= Claude Viallat =

French contemporary painter (born 1936)

Claude Viallat (born 1936) is a French contemporary painter.

==Biography==
Born in Nîmes, Viallat grew up in Aubais, a French village with a strong bull-rearing tradition. In 1955, he joined the École des Beaux-Arts (Fine Arts School) in Montpellier, where he met André-Pierre Arnal, Vincent Bioulès, Daniel Dezeuze, Toni Grand, François Rouan, and Henriette Pous, whom he married in 1962.

After doing his military service in Algeria from 1958 to 1961, he joined the École Nationale Supérieure des Beaux-Arts (the National Fine Arts School) of Paris, where he met fellow students Joël Kermarrec, Pierre Buraglio, and Michel Parmentier. He discovered American art in Paris, notably the works of Kenneth Noland, Morris Louis, Sam Francis, and Mark Rothko. By 1963 he had become attracted to abstraction. He was appointed as a teacher in the École des Arts Décoratifs (Decorative Arts School) of Nice in 1964 and decided to create a new formal language questioning the conventions of classical painting. He then started working systematically with one shape affixed on canvas without stretchers. His first personal exhibition took place at Nice's Galerie A in 1966. He also participated in several collective exhibitions that year.

In 1967, he was appointed as a teacher in the École des Beaux-Arts (School of Fine Arts) in Limoges, where he met Raoul Hausmann. In 1968, in Paris, Viallat had his first personal exhibition at the gallery led by Jean Fournier – who remained his gallerist for nearly thirty years.
He then participated in an exhibition that arguably originated the “Support/Surfaces” movement at the ARC, in the Modern Art Museum of Paris. His works were in most of the exhibitions of the movement from 1969 to 1971. Although he initiated this group and influenced it aesthetically through his pictorial works, he resigned on May 3, 1971, as he disagreed with the political and theoretical orientations imposed by Louis Cane and Marc Devade.

In 1972, during his first trip to the United States, he discovered Jackson Pollock's paintings and the art of Native Americans. The same year, he participated in the “Amsterdam-Düsseldorf-Paris” exhibition at the Solomon R. Guggenheim Museum of New York, and the “Douze Ans d'Art Contemporain en France” exhibition (Twelve Years of Contemporary Art in France) at the Grand Palais in Paris.

In 1973, he was appointed as an instructor at the École des Beaux-Arts (the Fine Arts School) of Luminy (located at avenue de Luminy, in Marseille), and moved to Marseille. In 1974, the first ever Viallat exhibition in a museum was organised in Saint-Étienne's Musée d'Art et d'Industrie (Museum of Art and Industry).
In 1979, Viallat became director of the École des Beaux-Arts (Fine Arts School) of Nîmes. He started collecting objects related to bulls. His collection was the starting point of the Musée des Cultures Taurines (Museum of Bull Tradition) of Nîmes, opened in 1986.
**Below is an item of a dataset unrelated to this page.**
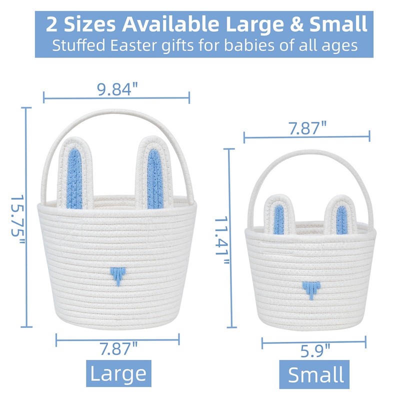 - Cute small Easter basket has good stability, hand-woven, 100% cotton rope material, soft, natural & eco-friendly, skin-friendly to babies, no strong smell, durable, empty Easter basket stuffers.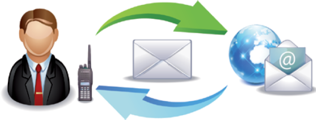 Pristupnik elektroničke pošteKorisnici elektroničke pošte mogu slati tekstualne poruke MotoTRBO radio korisnicima ili govornim grupama. Tekstualne poruke mogu biti odaslane sa radio uređaja na adrese elektroničke pošte zadane unutar Radioserver Konfiguratora. |

The Centre National d'Art et de Culture Georges Pompidou (the National Modern Art Museum of Paris) hosted a Viallat retrospective in 1982.
He represented France at the Venice Biennial in 1988. The same year, he made the stained-glass windows of the Gothic Choir in Nevers Cathedral.
In 1991, he became a teacher at the École Nationale Supérieure des Beaux-Arts (National Fine Arts School) of Paris and participated in the Supports/Surfaces historical and retrospective exhibition at the Musée d'Art Moderne (Modern Art Museum) of Saint-Étienne.
In 2006, he was awarded with the Fine Arts Academy's Fondation Simone et Cino del Duca (Simone and Cino Del Duca Foundation) prize for painting .

In France he has been represented by Galerie Daniel Templon Paris/Brussels since 1998 and by Ceysson & Bénétière (Paris, Saint-Étienne). Viallat is also represented internationally in Tokyo by Gallery Itsutsuji and in New York by Ceysson & Bénétière.